# Su-47???



## Aggie08 (Sep 19, 2005)

I was meandering on a website and stumbled upon this awesome looking bird. I didn't know that anyone was going to put a swept wing plane into service, I remember that the USA tested the X-29 which was a swept wing plane... Any info anyone? All the site said was that a Russian test pilot said it was "very near completion." Crazy!


----------



## cheddar cheese (Sep 19, 2005)

Best looking plane in recent time, and, so ive read, highly manoeverable.


----------



## evangilder (Sep 19, 2005)

It's called the Berkut. There is some info here:

http://www.airforce-technology.com/projects/s37/
http://www.flymig.com/aircraft/Su-47/


----------



## the lancaster kicks ass (Sep 22, 2005)

yeah but the russians can't afford to take her past the development stages.........


----------



## Gnomey (Sep 22, 2005)

the lancaster kicks ass said:


> yeah but the russians can't afford to take her past the development stages.........


Highly likely but she is still a sweet looking aircraft!


----------



## the lancaster kicks ass (Sep 22, 2005)

i can't deny that!


----------



## dinos7 (Oct 29, 2005)

well the russians and the commies have a couple of those planes


----------



## the lancaster kicks ass (Oct 30, 2005)

they're not "commies" anymore..............

and they have a few but only development models..........


----------



## plan_D (Oct 30, 2005)

Russia is a "controlled democracy" which is exactly what the Repbulicans in the Spanish Civil War called themselves. The Republicans being made up of the extreme left, left, center-left, seperatist and atheist people. 

Unless by saying "...the russians and the commies..." he was refering to Communist China.


----------



## the lancaster kicks ass (Oct 30, 2005)

but i don't believe china has any.........


----------



## dinos7 (Oct 30, 2005)

hey i didnt mean russia is communist, thats why i said russia AND the commies have a few of them.


----------



## DerAdlerIstGelandet (Oct 30, 2005)

And they dont have the money to develop them.


----------



## the lancaster kicks ass (Oct 31, 2005)
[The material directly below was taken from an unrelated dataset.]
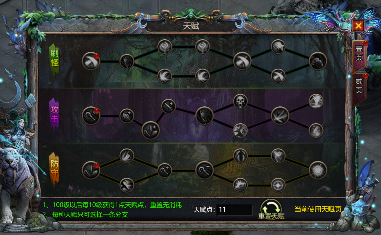 (4) 第二套天赋建议选择攻击或防守来提升pk能力,这样一套天赋打怪,一套天赋PK.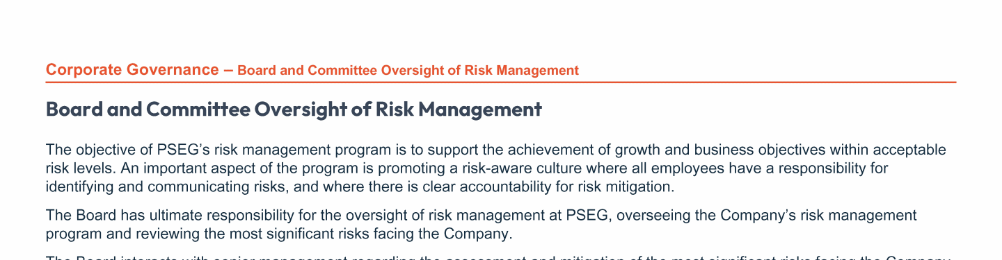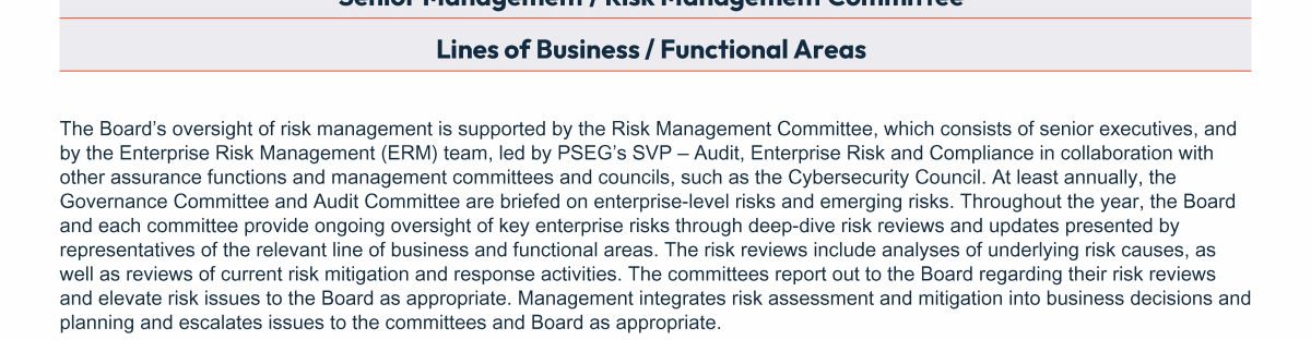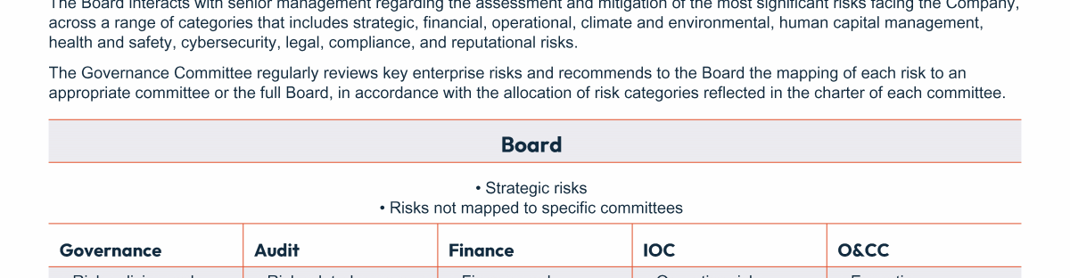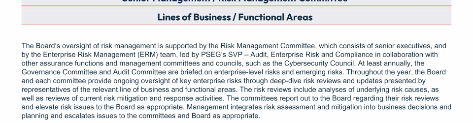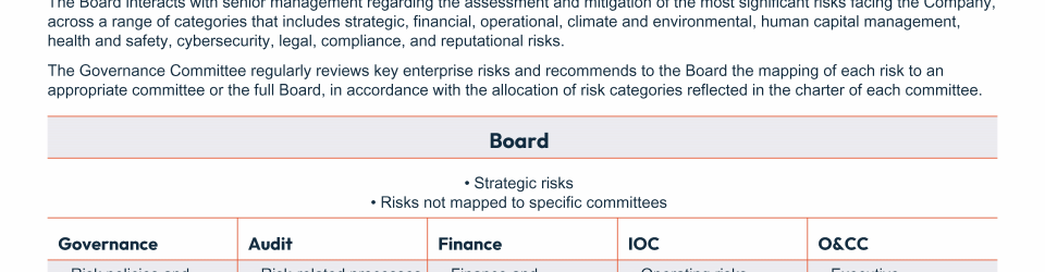 - Board and Committee Oversight of Risk Management

which is a shame...........


----------



## DerAdlerIstGelandet (Nov 1, 2005)

Or it could be a good thing, because they would just sell it to places that dont need it....


----------



## SUperflanker37 (Nov 20, 2005)

yeah.. economically they dont have the ability to go into production (hence the death of the SU-37 *cry*) The SU-47 above is a very cool looking bird indeed. I've read a bit about it before but I don't remember the details.


----------



## DerAdlerIstGelandet (Nov 20, 2005)

Too expensive for them also. Never will happen.


----------



## Gnomey (Nov 20, 2005)

DerAdlerIstGelandet said:


> Too expensive for them also. Never will happen.


Agreed Alder.


----------



## Eagle_Giuli (Nov 23, 2005)

The SU-47 Berkut never was thought as a massive-produced aircraft. It was only produced by Sukhoi in order to show that the Russian technologies were as good as its competitors in Europe and the United States, but the main problem was that the first customer of Sukhoi, the Russian government, was in bankruptcy, and that's why Sukhoi wasn't producing new aircraft by those ages.
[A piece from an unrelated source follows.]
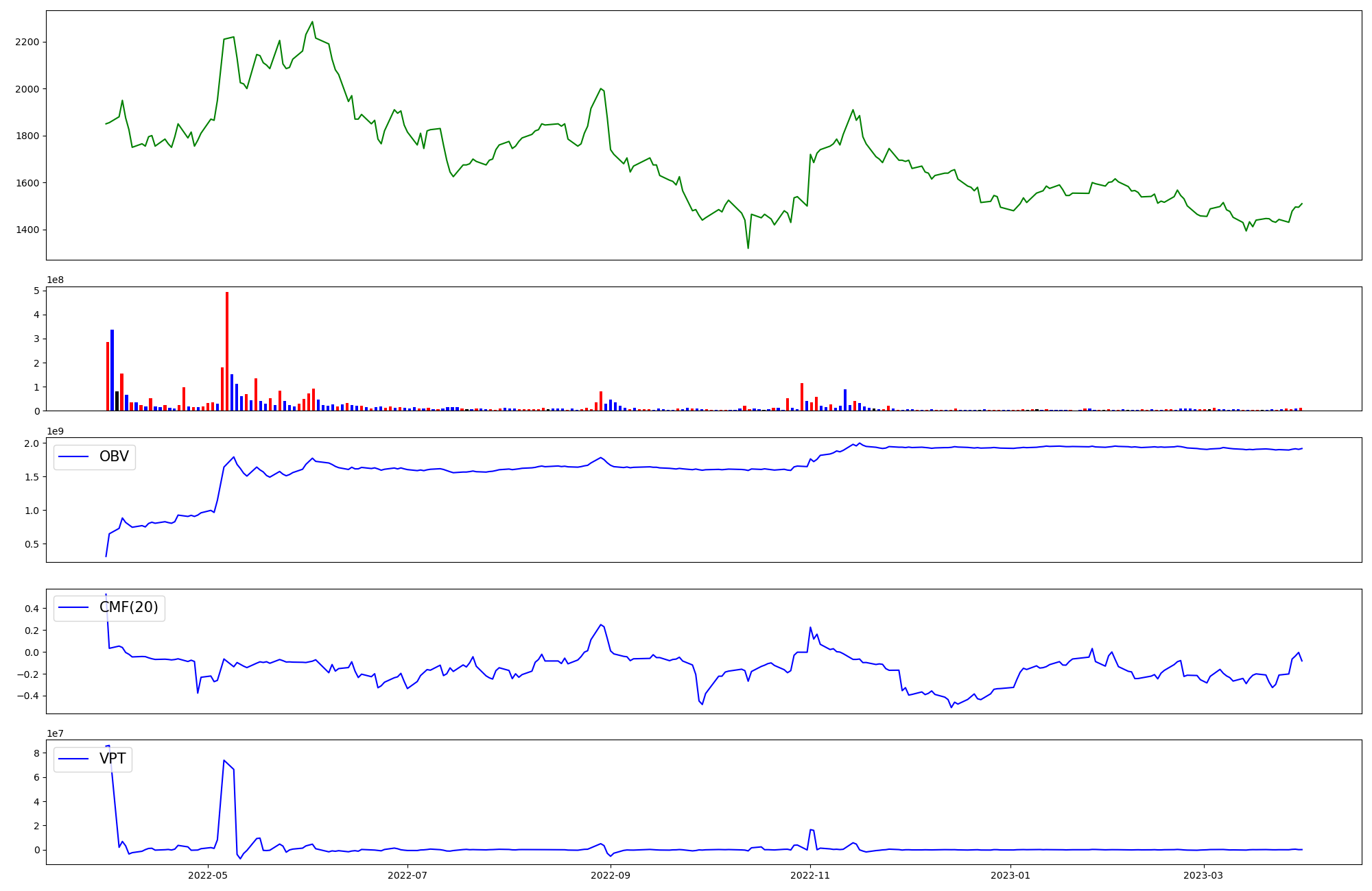 | OBV | CMF | VPT | |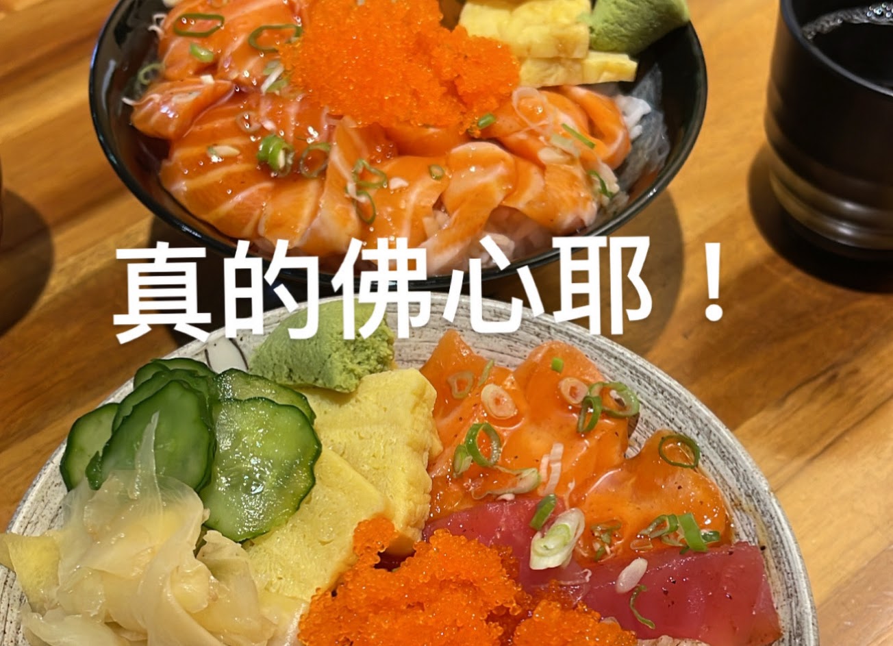 以丼飯上生魚片的份量來說真的是吃的飽死我? …

There was only one prototype in fly-conditions, and it was destroyed at an accident.


----------



## DerAdlerIstGelandet (Nov 24, 2005)

I did not know it was destroyed however I am sure if the Russians had had the money the aircraft would have been produced in good numbers. You do not design an aircraft that advanced and not build it.


----------



## SUperflanker37 (Nov 25, 2005)

same thing happened with the SU-37, they never went into production and their test one crashed in an accident- thus it is also dead.. hopefully though they will take on the designation again as they upgrade the SU-35's with T-V (thrust vectoring) systems


----------



## DerAdlerIstGelandet (Nov 25, 2005)

If they have the money to do that.


----------



## Eagle_Giuli (Nov 25, 2005)

Superflanker, you are right too. The Su-37 crashed in Le Bourget, Paris in 1999.


----------



## DerAdlerIstGelandet (Nov 26, 2005)

I saw the Mig-29 crash at the 1989 Paris Airshow and I was at the 1999 Paris Airshow but did not see the crash. The Russians there were advertising the aircraft as a Su-30MK though and not a Su-37.


----------



## SUperflanker37 (Nov 26, 2005)

i thought it was SU-35MK (makes more sense since the SU-37 was a modified SU-35)


----------



## SUperflanker37 (Nov 26, 2005)

ive got a video here.. not sure if it's it or if it's a different thing
guess the runway was just a little too close 

it doesnt look like the 711 though (my avatar) its blue


----------



## DerAdlerIstGelandet (Nov 26, 2005)

SUperflanker37 said:


> i thought it was SU-35MK (makes more sense since the SU-37 was a modified SU-35)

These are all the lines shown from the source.